▶ [INPUT]
§

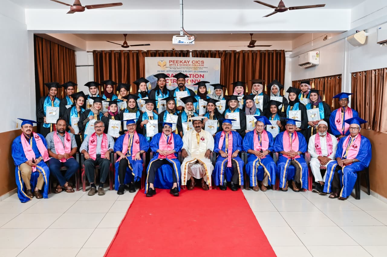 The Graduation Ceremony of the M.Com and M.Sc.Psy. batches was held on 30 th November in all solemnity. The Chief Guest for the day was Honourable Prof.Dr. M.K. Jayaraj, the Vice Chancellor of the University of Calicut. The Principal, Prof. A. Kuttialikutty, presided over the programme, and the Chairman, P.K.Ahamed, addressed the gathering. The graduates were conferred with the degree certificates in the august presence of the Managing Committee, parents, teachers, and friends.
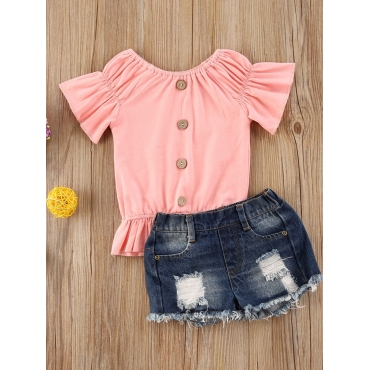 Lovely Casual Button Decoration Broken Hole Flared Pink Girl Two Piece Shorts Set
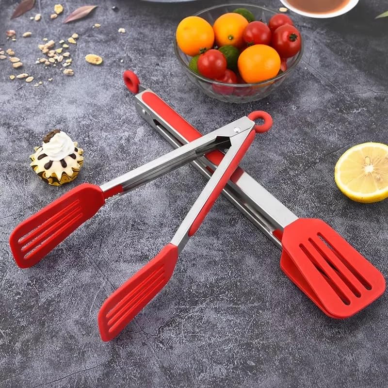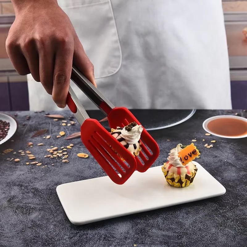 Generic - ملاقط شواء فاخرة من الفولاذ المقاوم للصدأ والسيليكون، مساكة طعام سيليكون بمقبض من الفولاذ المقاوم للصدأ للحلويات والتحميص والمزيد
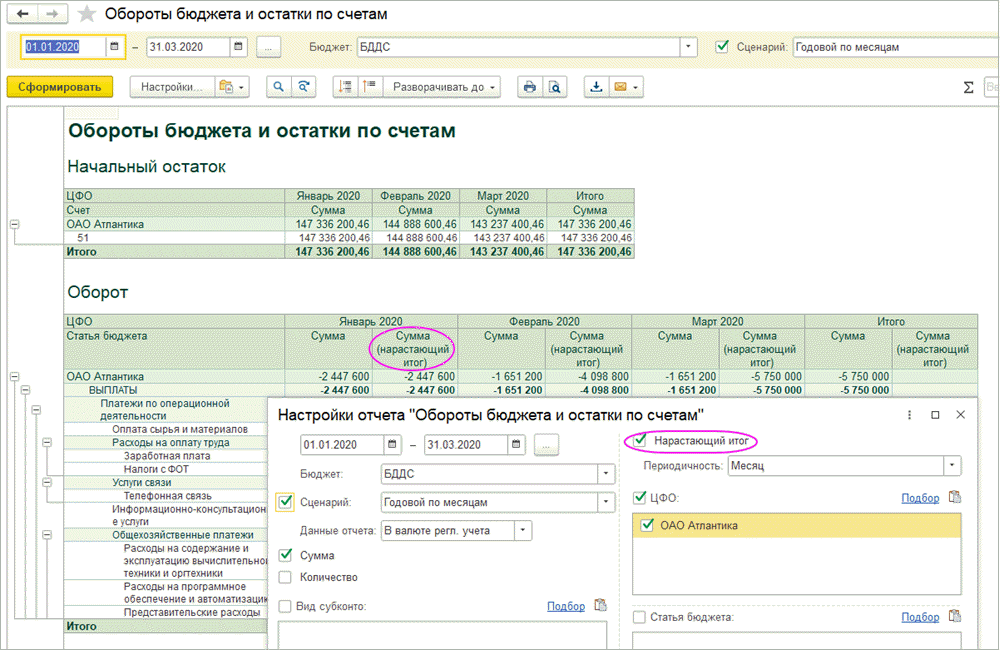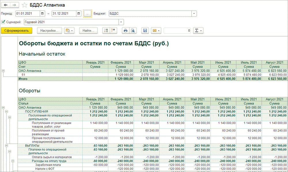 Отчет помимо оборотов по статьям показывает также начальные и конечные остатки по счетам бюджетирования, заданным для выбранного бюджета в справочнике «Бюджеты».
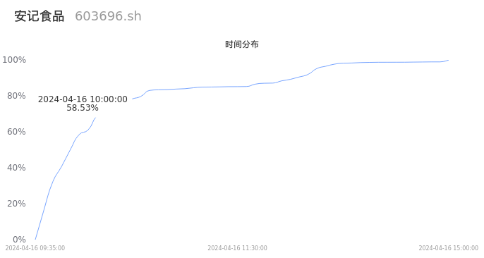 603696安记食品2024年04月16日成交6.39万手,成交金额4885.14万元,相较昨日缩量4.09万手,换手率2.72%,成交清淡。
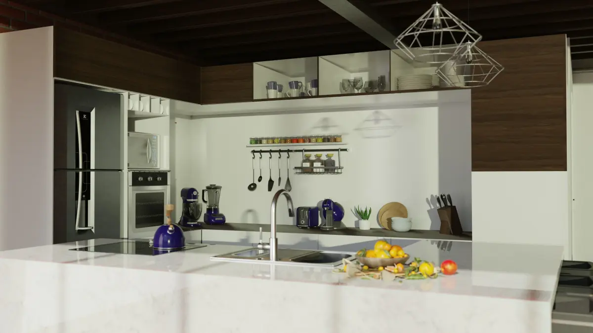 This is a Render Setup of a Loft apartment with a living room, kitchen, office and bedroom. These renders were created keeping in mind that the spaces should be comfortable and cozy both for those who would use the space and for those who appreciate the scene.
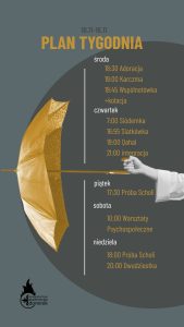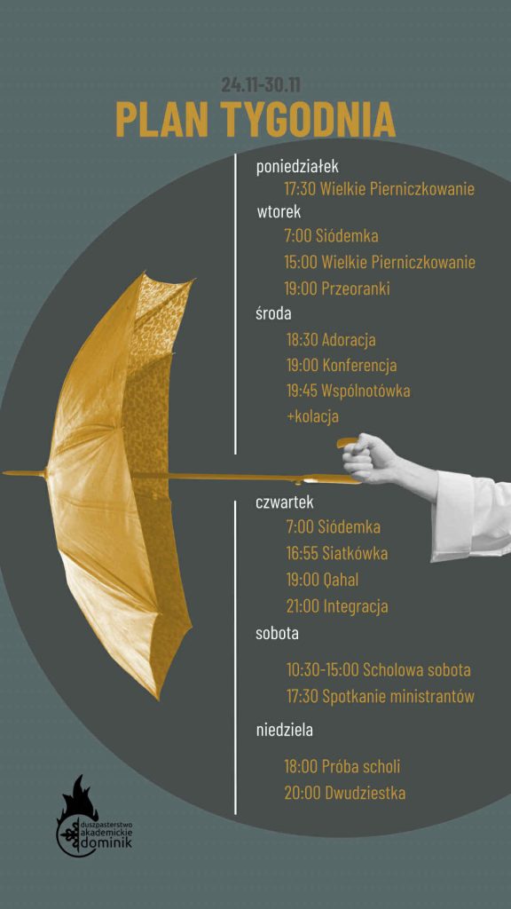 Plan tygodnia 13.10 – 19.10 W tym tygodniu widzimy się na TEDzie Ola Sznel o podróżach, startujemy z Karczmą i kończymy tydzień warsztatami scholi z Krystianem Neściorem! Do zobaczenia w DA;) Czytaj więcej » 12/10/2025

§

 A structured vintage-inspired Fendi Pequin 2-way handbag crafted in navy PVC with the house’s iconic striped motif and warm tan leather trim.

§

▶ [REQUIRED ACTION] Write out, word for word, the stretch of entries that begins at the line with "Отчет помимо оборотов" and ends at the line with "603696安记食品2024". Pictures do not belong in it.

▶ [ANSWER BOX]
 Отчет помимо оборотов по статьям показывает также начальные и конечные остатки по счетам бюджетирования, заданным для выбранного бюджета в справочнике «Бюджеты».
 603696安记食品2024年04月16日成交6.39万手,成交金额4885.14万元,相较昨日缩量4.09万手,换手率2.72%,成交清淡。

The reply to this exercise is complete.